Jest to ciasto z cyklu „zamieszaj, wylej i schłódź” Na szybkie wykonanie, dla gości co stoją w progu. Ze składników zazwyczaj dostępnych w domu (moim).
Ciast czekoladowych z owocami na blogu jest już kilkanaście. Zmieniam tylko dodatki smakowe i wypełniacze oraz owoce (dostosowuje do sezonu). Tym razem nie ma ziarnistego spodu.
Mam taką przypadłość, że nie potrafię zrobić czegoś w małej ilości. Zawsze przygotowuje hurtowe ilości. Tak było z ostatnią tahiną. Przygotowałem jej ponad litrowy słój :). Hummusów przerobiłem bez liku i pozostało mi jeszcze sporo.
Postanowiłem wymieszać czekoladę z kremem kokosowym i tahiną w formie ciasta. Sezonowe owoce to maliny, które swym kwaskowym smakiem idealnie się komponują z resztą.
SKŁADNIKI:
– 3 czekolady gorzkie po 100 g
– 2 puszki mleka kokosowego pełnotłustego po ok. 400 g wstawione na kilka godzin do lodówki
– szklanka pasty tahini
– syrop daktylowy lub inny do smaku
– szklanka wiórków kokosowych
– 2 opakowania duże malin
– listki mięty
WYKONANIE:
– do garnka włożyć połamane czekolady, białą, stałą część z mleka kokosowego (krem), lekko podgrzewając rozpuścić składniki
– dodać syrop do smaku i wiórki kokosowe i wymieszać. Schłodzić
– do masy dodać tahinę i dokładnie wymieszać (najlepiej w malakserze)

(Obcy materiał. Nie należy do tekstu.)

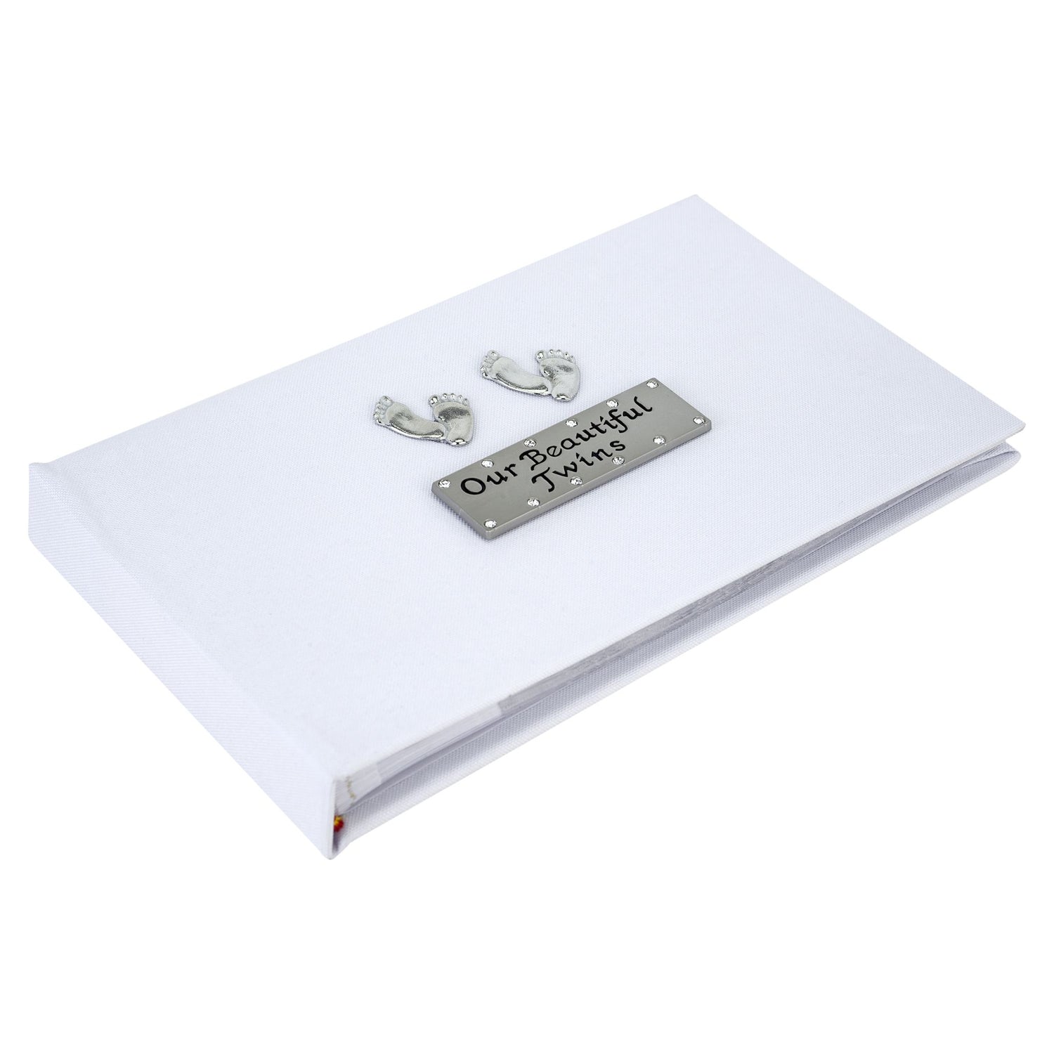 A gorgeous design of double footprints (double trouble!) set above a sparkling design saying 'Our Beautiful Twins' set with little diamante stones around the edge. This design comes in a choice of 3 photo album colours - baby blue, baby pink and neutral white.

– dno tortownicy o średnicy ok. 20 cm wyłożyć papierem do pieczenia
– wyłożyć część masy, ułożyć trochę malin i wylać pozostałą masę
– wyrównać wierzch i ułożyć maliny
– wstawić na 2-3 godziny do zamrażarki
– wyjąć, ułożyć listki mięty i wstawić do lodówki
Wygląda cudownie, z malinami musiało smakować obłędnie
te Twoje ciasta są po prostu mistrzowskie!